**Exercise details:**
Write out the listing from the line with "分别三种香型 膏体颜色都一样 都是Ta家标志性的香氛 花香与木香的特征" to the line with "公司文明单位创建工作始于20", both lines included, exactly and nothing beyond. Leave pictures out.
[[ Dataset records, beginning ]]
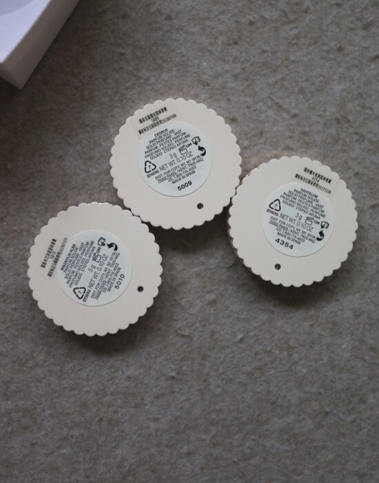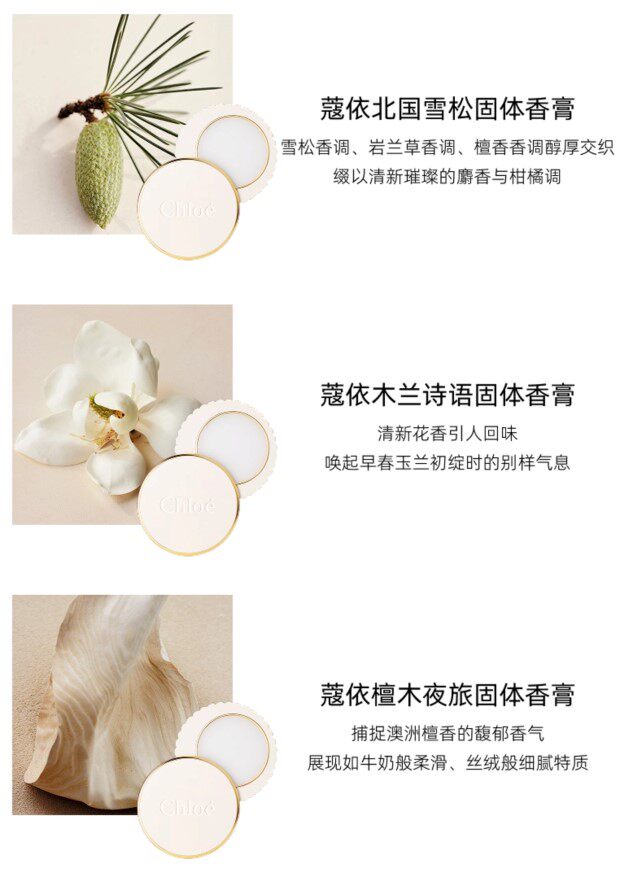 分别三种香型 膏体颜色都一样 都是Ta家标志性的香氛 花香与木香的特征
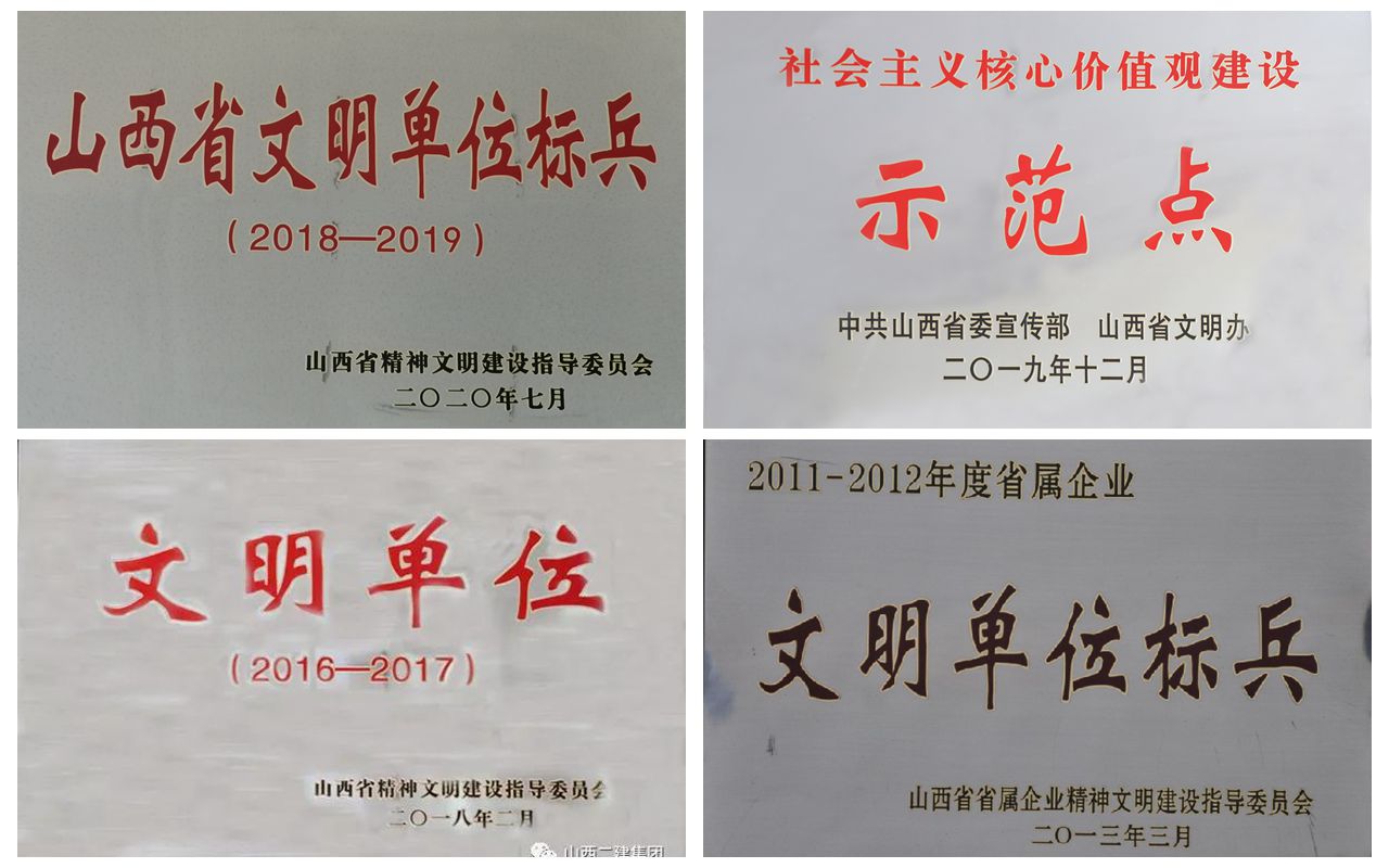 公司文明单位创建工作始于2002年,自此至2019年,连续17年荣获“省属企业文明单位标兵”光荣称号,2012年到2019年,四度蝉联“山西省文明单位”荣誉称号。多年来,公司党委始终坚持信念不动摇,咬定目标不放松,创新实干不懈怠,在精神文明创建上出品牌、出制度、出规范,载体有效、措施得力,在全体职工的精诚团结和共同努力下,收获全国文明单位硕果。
[[ Dataset records, end ]]
[[ Dataset records, beginning ]]
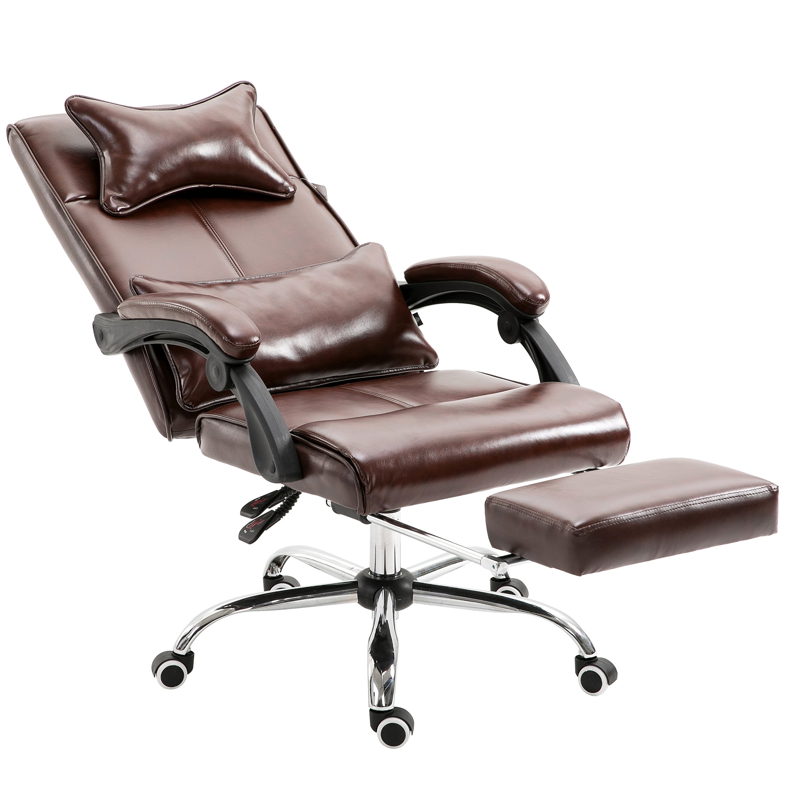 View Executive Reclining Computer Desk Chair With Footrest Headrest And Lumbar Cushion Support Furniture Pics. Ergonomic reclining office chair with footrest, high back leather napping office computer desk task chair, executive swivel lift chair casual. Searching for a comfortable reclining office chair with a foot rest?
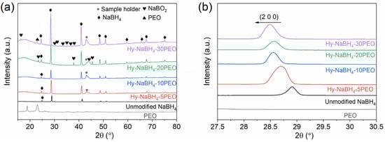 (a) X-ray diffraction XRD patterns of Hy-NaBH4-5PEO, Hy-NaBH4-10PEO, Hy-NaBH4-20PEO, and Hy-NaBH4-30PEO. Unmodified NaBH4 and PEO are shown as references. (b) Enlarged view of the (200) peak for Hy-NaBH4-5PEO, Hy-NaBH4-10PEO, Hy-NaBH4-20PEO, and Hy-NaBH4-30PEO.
[[ Dataset records, end ]]
[[ Dataset records, beginning ]]
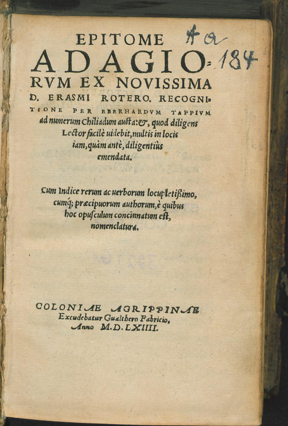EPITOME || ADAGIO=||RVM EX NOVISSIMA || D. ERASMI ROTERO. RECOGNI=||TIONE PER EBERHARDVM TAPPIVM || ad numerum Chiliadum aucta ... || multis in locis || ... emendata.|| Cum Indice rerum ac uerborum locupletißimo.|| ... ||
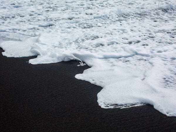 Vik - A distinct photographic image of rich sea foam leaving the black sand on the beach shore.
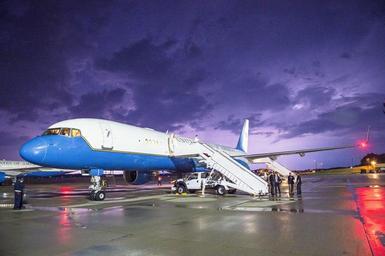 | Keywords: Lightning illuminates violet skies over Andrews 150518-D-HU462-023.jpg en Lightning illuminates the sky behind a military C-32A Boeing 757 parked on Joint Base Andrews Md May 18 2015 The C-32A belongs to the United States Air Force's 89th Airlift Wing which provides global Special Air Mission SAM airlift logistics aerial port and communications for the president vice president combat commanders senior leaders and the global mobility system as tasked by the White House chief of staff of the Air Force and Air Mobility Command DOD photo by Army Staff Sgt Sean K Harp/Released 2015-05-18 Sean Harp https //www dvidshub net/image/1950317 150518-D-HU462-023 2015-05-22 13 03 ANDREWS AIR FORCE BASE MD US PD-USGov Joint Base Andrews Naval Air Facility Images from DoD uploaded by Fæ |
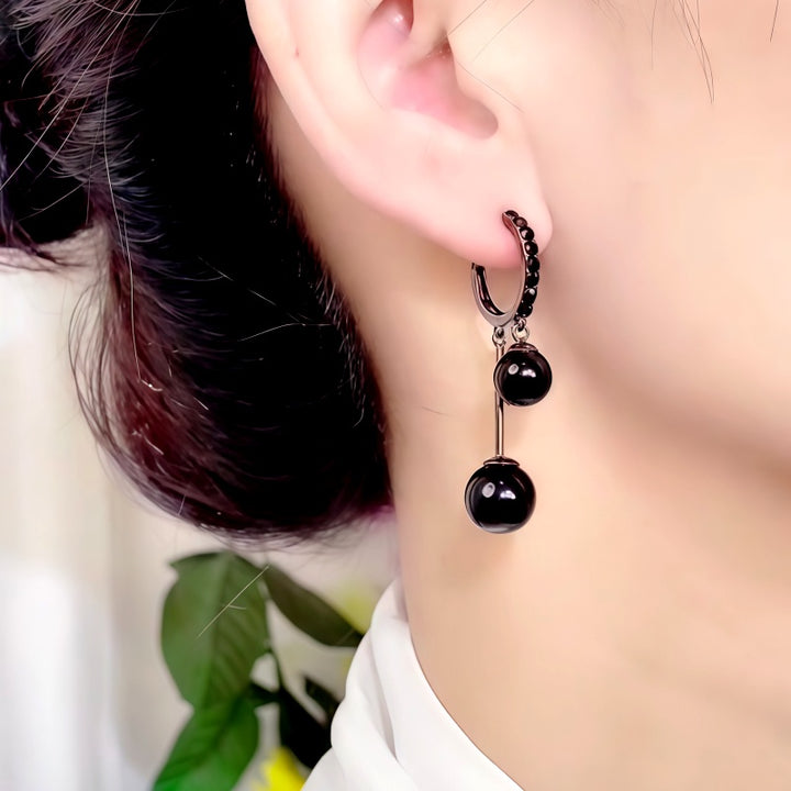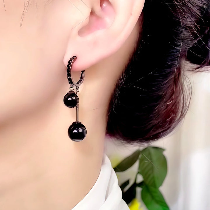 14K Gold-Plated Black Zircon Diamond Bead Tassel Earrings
[[ Dataset records, end ]]
**Answer to this task:**
 分别三种香型 膏体颜色都一样 都是Ta家标志性的香氛 花香与木香的特征
 公司文明单位创建工作始于2002年,自此至2019年,连续17年荣获“省属企业文明单位标兵”光荣称号,2012年到2019年,四度蝉联“山西省文明单位”荣誉称号。多年来,公司党委始终坚持信念不动摇,咬定目标不放松,创新实干不懈怠,在精神文明创建上出品牌、出制度、出规范,载体有效、措施得力,在全体职工的精诚团结和共同努力下,收获全国文明单位硕果。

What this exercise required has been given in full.